When CUNY investigators collaborate with colleagues from an external institution without a local IRB or an agreement with CUNY, it may be necessary for that institution/organization to file as Assurance with federal authorities and designate an IRB to review and approve the research. Typically, an institution that is routinely involved in the conduct of human research would be required to do so. Other arrangements may be made if the institution does not plan to regularly take part in human research (see question below) or contact the IRB office for more information. The review of the research by an IRB representing the external institution/organization must take place prior to such representative participating in the research.

 

What If My Research Takes Place in a Community Agency?

Research conducted within a community agency requires a letter of support from the agency. The letter must indicate that permission is granted to the investigator to conduct the research at the site and/or with their clients. This letter must be submitted to the IRB before the research can begin.

The agency may also require that other conditions be met before the research can begin. These conditions should be considered when planning the research, as time is required to obtain the necessary permissions.

 

What If I’ll Be Using Community Agency Staff in My Research Project?

If you plan to engage the community agency in your research by having its staff, as part of the research, obtain (1) data about the research participants through intervention or interaction with them or (2) identifiable private information about the research subjects, arrangements must be made in one of the following ways:

  • If the community agency has its own IRB, or is affiliated with an IRB, that IRB must review the research for the agency’s participation. A copy of the IRB approval must be provided to the CUNY IRB. Alternatively, the agency’s IRB may request that a CUNY IRB review the research on its behalf.
  • If the community agency a) does not plan to regularly take part in other research projects and b) is only interested in taking part in the research being proposed by a CUNY faculty member, the agency staff working on the research can enter into an agreement with CUNY whereby the CUNY IRB review covers their participation. See the link above.

 

What If I’m Conducting Human Research Abroad?

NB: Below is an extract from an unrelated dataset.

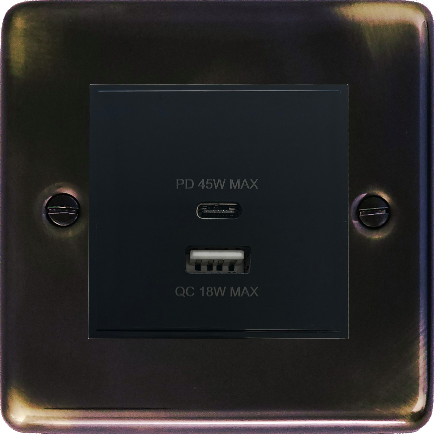 Contour Aged Brass USB Charger (Dual USB A + C Quick Charge) (1 Gang) - G+H CAN43B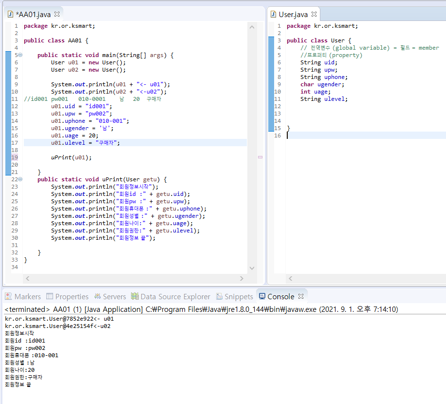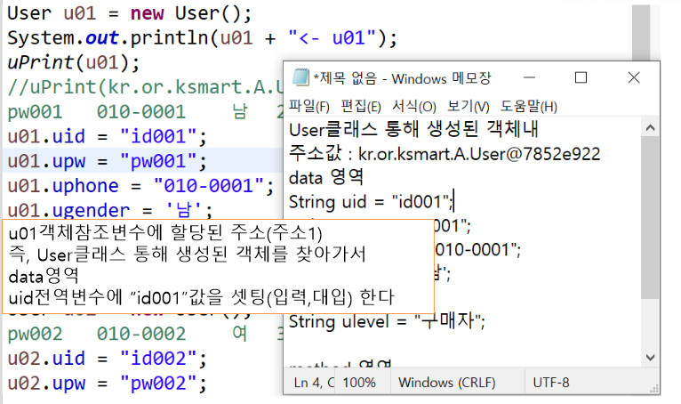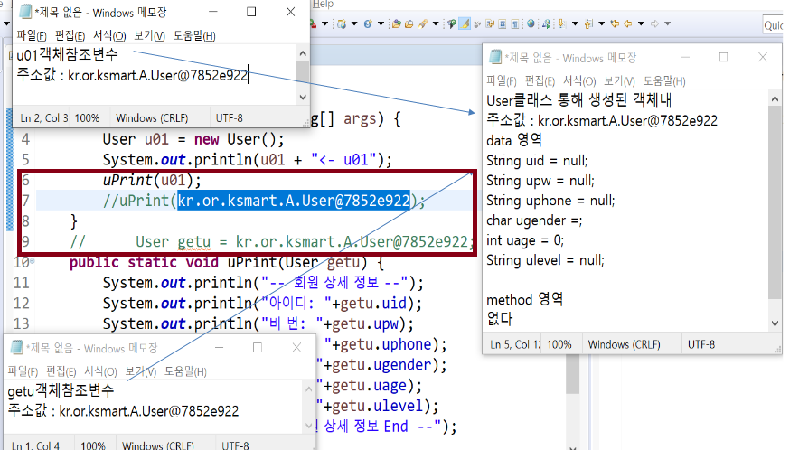 1) User Class data type으로 u01객체참조변수를 선언한다.

All human research conducted outside the United States must receive approval from the CUNY Institutional Review Board (IRB) and the IRB used by the international site (or justification for why the international IRB approval cannot be obtained) before researchers initiate work under the protocol. Researchers should anticipate the time that obtaining local review and approval will require. This varies from country to country, and can take several months. To ensure review and approval by CUNY IRBs, protocols should be submitted two months prior to leaving the country. The CUNY IRB is responsible for ensuring that human research conducted outside the United States conforms to the same ethical and regulatory standards to which research conducted in the United States is held. International human research must be conducted in accordance with applicable CUNY policies for the conduct and review of human research, including informed consent and use of vulnerable populations.

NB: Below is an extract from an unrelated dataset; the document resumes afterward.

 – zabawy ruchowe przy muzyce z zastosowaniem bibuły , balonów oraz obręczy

Human research conducted outside the United States must comply with the relevant laws of the host country. If an international institution or site is considered engaged in research, and if the research is supported by federal funding, special requirements must be met.

 

Think about Team Science

Many of today’s most critical public health challenges are increasingly complex. Often more than a single discipline is necessary. Interdisciplinary approaches hold great promise; exciting research findings are emerging at the edges of traditional disciplines. Numerous funding opportunities demand interdisciplinary approaches and team science will make you more productive.